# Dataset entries

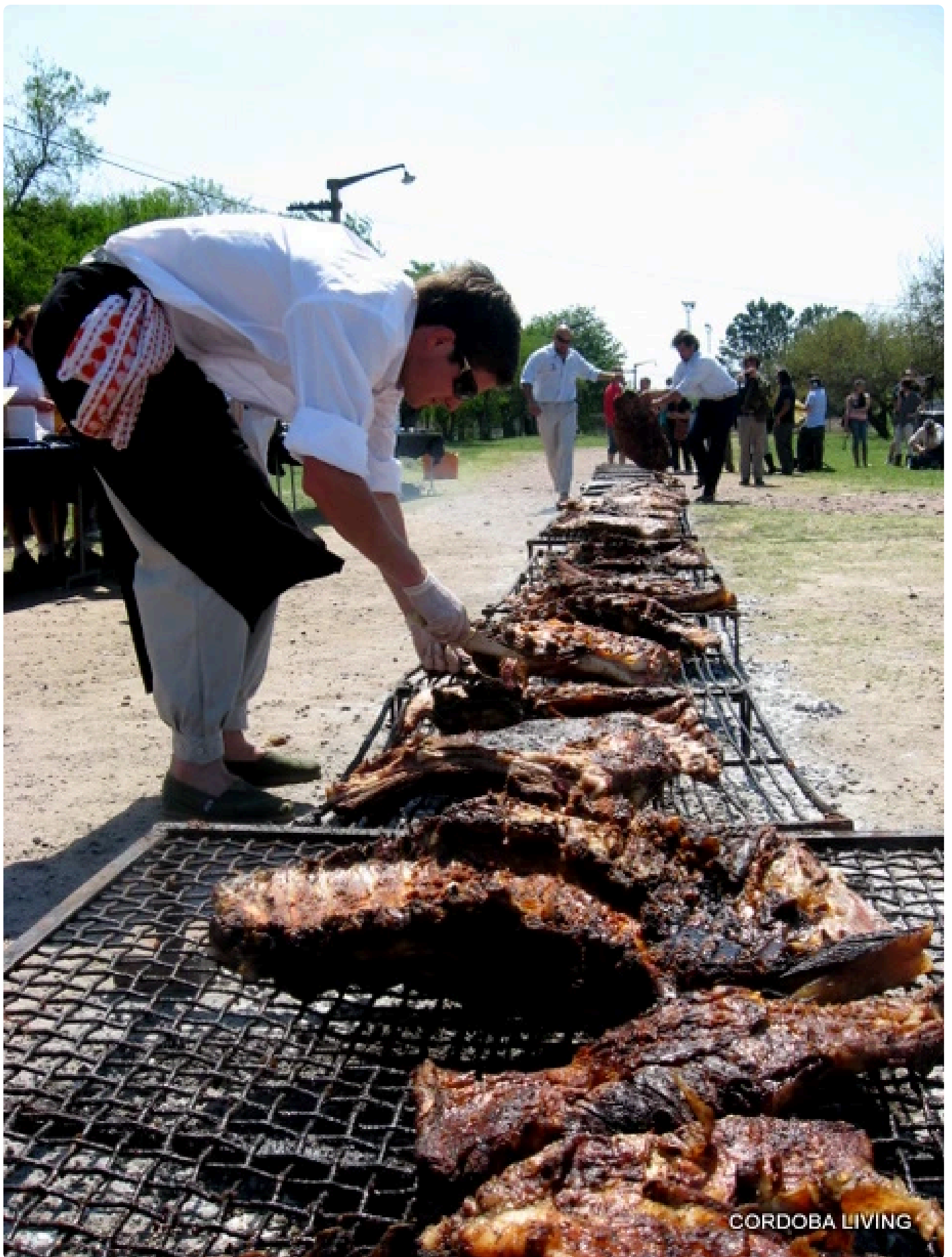
Rirkrit Tiravanija preparando la obra del asado
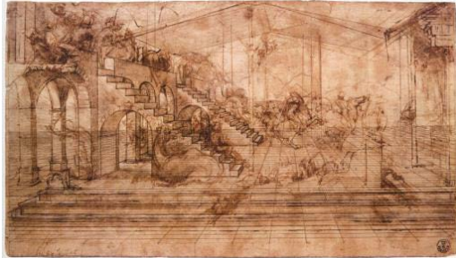
“Studio per l’ Adorazione dei Magi” inv. 436 E
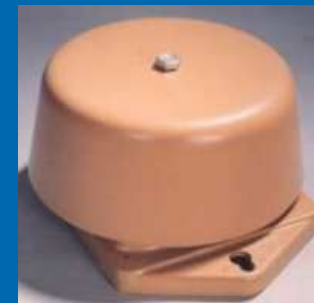
Звонки громкого боя и электросирены
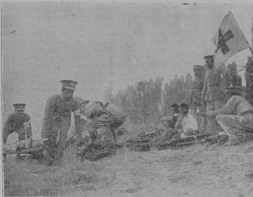
Soldados de la Cruz Roja abisinia en funciones
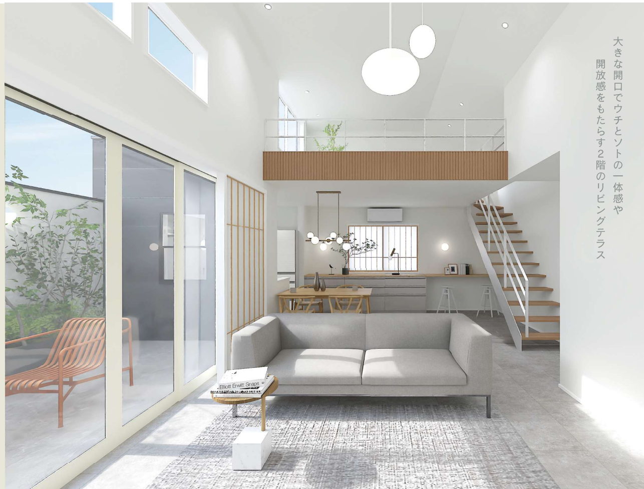
大きな開口でウチとソトの一体感や 開放感をもたらす2階のリビングテラス
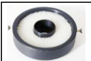
N°4 Bride moteur avec une mousse joint
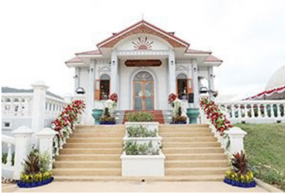
พระตำหนักเสด็จในกรมหลวงชุมพรฯ พลุตาหลวง จังหวัดชลบุรี
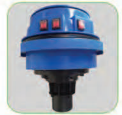
دارای شاور کنترل کننده سطح مایعات جهت جلوگیری از ورود مایعات به موتور
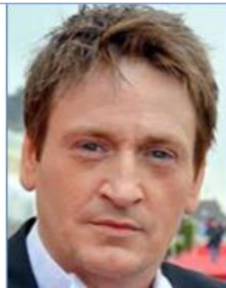
Benoit MAGIMEL Acteur
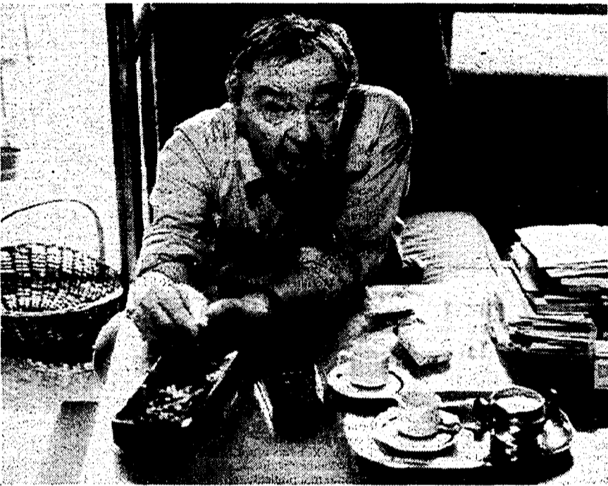
Romano Bilenchi nel suo studio: le sue «Opere» stanno per essere pubblicate da Rizzoli
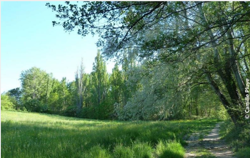
Balade en plaine (Camille Pluyc)
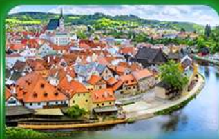
เมืองมรดกโลก เซสท์ครุมลอฟ

# What to do
Once the line containing "Romano Bilenchi nel" is found, copy it and each line after it through the end of the entries above exactly; nothing else, and no pictures.

# Answer below
Romano Bilenchi nel suo studio: le sue «Opere» stanno per essere pubblicate da Rizzoli
Balade en plaine (Camille Pluyc)
เมืองมรดกโลก เซสท์ครุมลอฟ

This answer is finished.